───── Task material

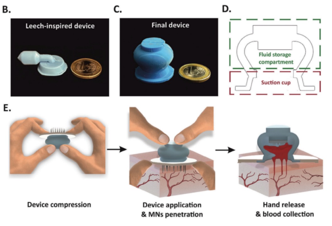 By studying leeches, it was discovered that they attach to their host with a suction cup. The researchers realized that a similar system could be developed to collect blood. After attaching, leeches pierce the host’s skin with their teeth. To draw blood from the wound, they generate a vacuum by sucking. The working principle of the new device is very similar: a suction cup about two and a half centimeters in diameter is fixed onto the patient’s upper arm or back. Inside the cup, there are twelve microneedles that pierce the skin when pressed onto it. Within a few minutes, the vacuum in the suction cup ensures sufficient blood is collected for diagnostic tests.
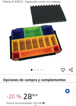 Makita P-83652 - Separador corto acc.makpac Usos específicos del productoAlmacenamiento MaterialPlástico Función especialCompatible con fundas entrelazadas MAKPAC ColorVerde, Azul, Amarillo, Naranja, Rojo MarcaMakita Tipo de montajeMontaje en mesa Caja Makita con caja de colores Juego de brocas – brocas y accesorios Accesorios Makita de calidad para herramientas eléctricas y herramientas de jardín Número de modelo: P-83652
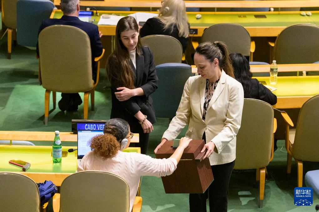 5月27日,在位于纽约的联合国总部,联合国大会投票补选国际法院法官。新华社发(联合国供图/曼努埃尔·埃利亚斯摄)
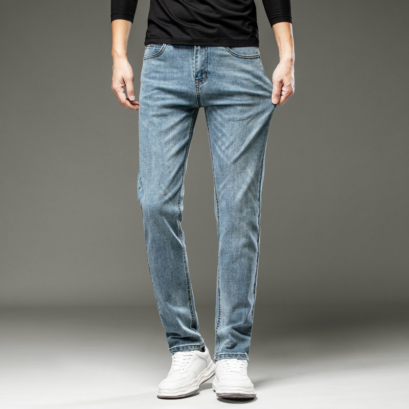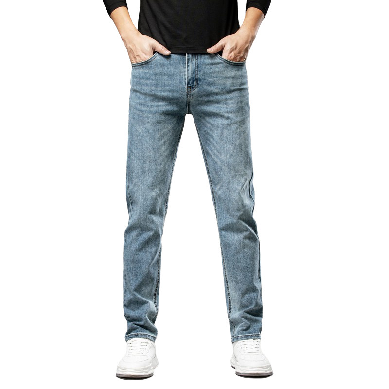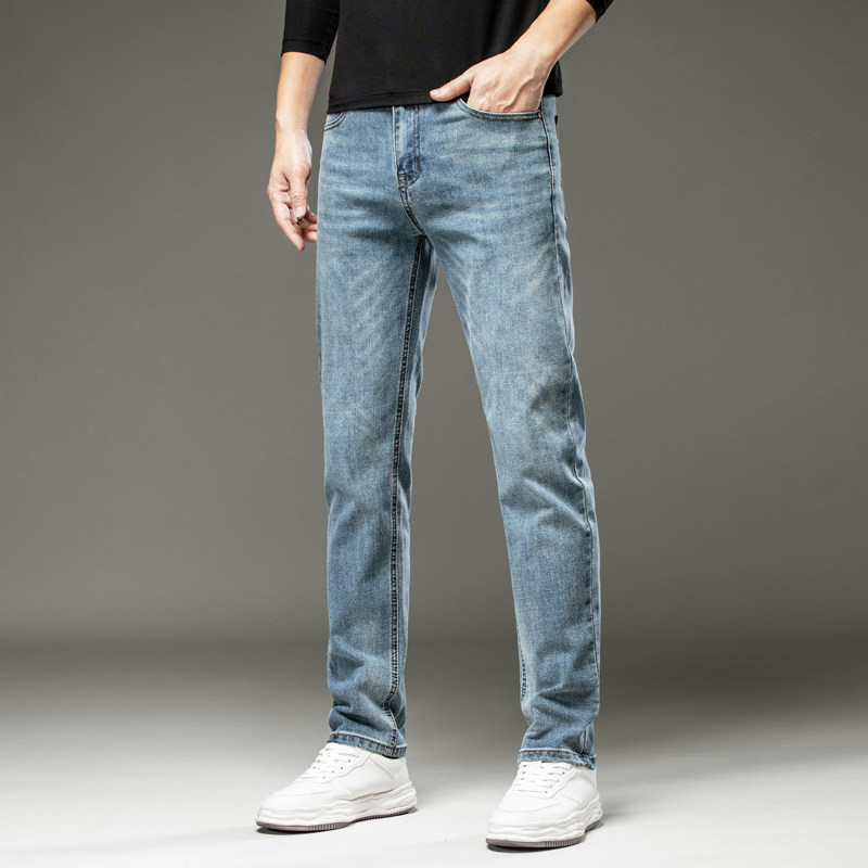 Осенние прямые свободные джинсы, штаны, эластичные повседневные брюки
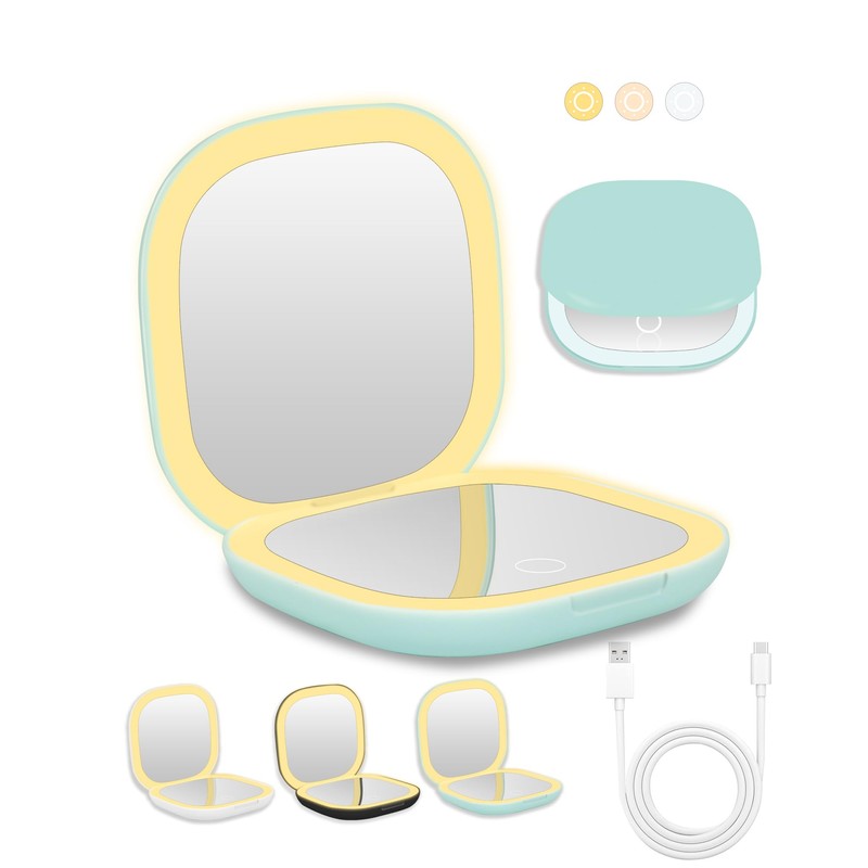 - 3 Color and 40 Leds: This small mirror provides 3 color light modes: white light, warm light and natural light to simulate makeup looks under different lighting. 40 Pcs bright LED lights that can give you great assistance for making up. Long press the dimming touch to switch light colors
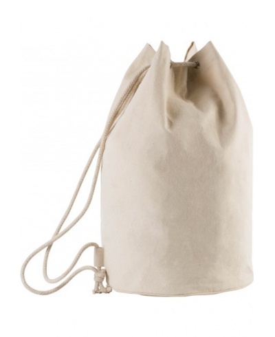 Cotton canvas sailor style bag 310 gsm with thick drawstring straps and slide fastening.
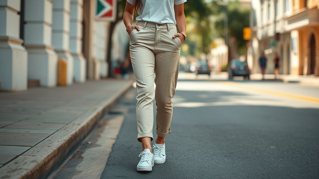 Mulher brasileira estilosa com calça de alfaiataria bege, camiseta branca e tênis branco andando em rua ensolarada do Rio.
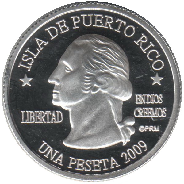 Описание: Портрет Джорджа Вашингтона, первого президента США с 1789 по 1797 год, в профиль слева сопровождается девизом «EN DIOS CREEMOS» и надписью «LIBERTAD» и окружен номиналом и надписью «ISLA DE PUERTO RICO».
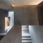 Inside the building, visitors continue on their guided journey through the pre-function area and then into the main chapel space, which features a light-filled 12m high space. There is a seamless integration with the surrounding nature as picture windows frame various man-made and natural landscapes. A mezzanine level hovers overhead to accommodate extra guests, and includes a catwalk encircling the space, allowing 360 degrees of viewing angles. The mezzanine is integrated into a wood louvered cage element which wraps around the whole upper part of the room. A grid of glowing bulb lights and delicate bronze details give a touch of opulence to the otherwise quietly monastic spaces. Custom wood furniture and crafted wood details compliment the simple material palette of gray brick, terrazzo, and concrete. Another feature of the chapel building is a separate staircase alongside the main space, which allows visitors to gain access to the rooftop for unrivaled views across the scenic lake. Various openings along this stair ascent give unexpected views both internally and externally.
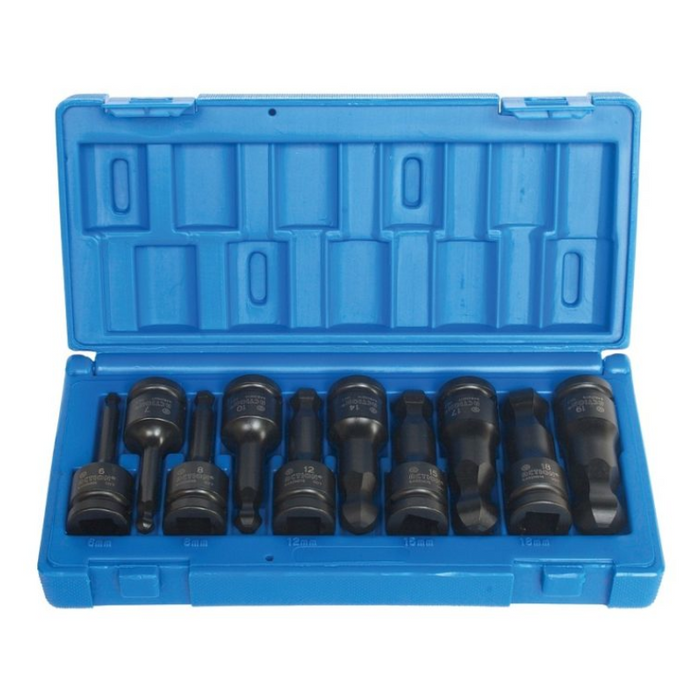 Description: 10 Piece 1/2 Drive Hex Driver, Metric Ball-end, 6, 7, 8, 10, 12, 14, 15, 17, 18, 19, Blow-mold Case.
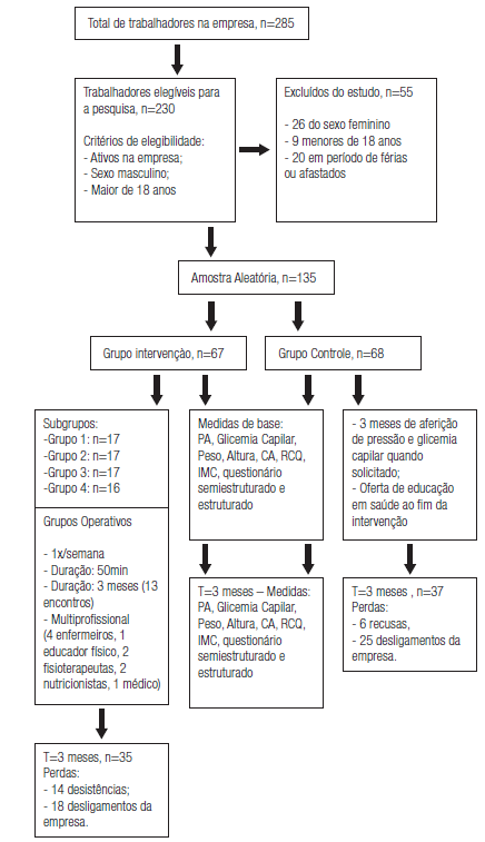 Na Fase II, foi realizada amostragem aleatória de 135 participantes entre os 230 trabalhadores da metalúrgica. Essa amostra foi randomizada para os grupos intervenção e controle, por meio de sorteio simples, sendo 67 alocados no grupo intervenção e 68 no grupo controle. Os trabalhadores do grupo intervenção foram convidados a participar de um programa de educação em saúde, e após aceitarem participar, foram subdivididos, também por sorteio simples, em quatro subgrupos, de modo que o número reduzido de participantes em cada grupo garantisse a visualização de todos os indivíduos ao mesmo tempo durante as atividades.(12)

──────────

## Activity
Between and including the line with "Makita P-83652 - Separador" and the line with "Описание: Портрет Джорджа", repeat every line exactly as it appears above, with pictures left out.

## Answer to the problem
 Makita P-83652 - Separador corto acc.makpac Usos específicos del productoAlmacenamiento MaterialPlástico Función especialCompatible con fundas entrelazadas MAKPAC ColorVerde, Azul, Amarillo, Naranja, Rojo MarcaMakita Tipo de montajeMontaje en mesa Caja Makita con caja de colores Juego de brocas – brocas y accesorios Accesorios Makita de calidad para herramientas eléctricas y herramientas de jardín Número de modelo: P-83652
 5月27日,在位于纽约的联合国总部,联合国大会投票补选国际法院法官。新华社发(联合国供图/曼努埃尔·埃利亚斯摄)
 Осенние прямые свободные джинсы, штаны, эластичные повседневные брюки
 - 3 Color and 40 Leds: This small mirror provides 3 color light modes: white light, warm light and natural light to simulate makeup looks under different lighting. 40 Pcs bright LED lights that can give you great assistance for making up. Long press the dimming touch to switch light colors
 Cotton canvas sailor style bag 310 gsm with thick drawstring straps and slide fastening.
 Mulher brasileira estilosa com calça de alfaiataria bege, camiseta branca e tênis branco andando em rua ensolarada do Rio.
 Описание: Портрет Джорджа Вашингтона, первого президента США с 1789 по 1797 год, в профиль слева сопровождается девизом «EN DIOS CREEMOS» и надписью «LIBERTAD» и окружен номиналом и надписью «ISLA DE PUERTO RICO».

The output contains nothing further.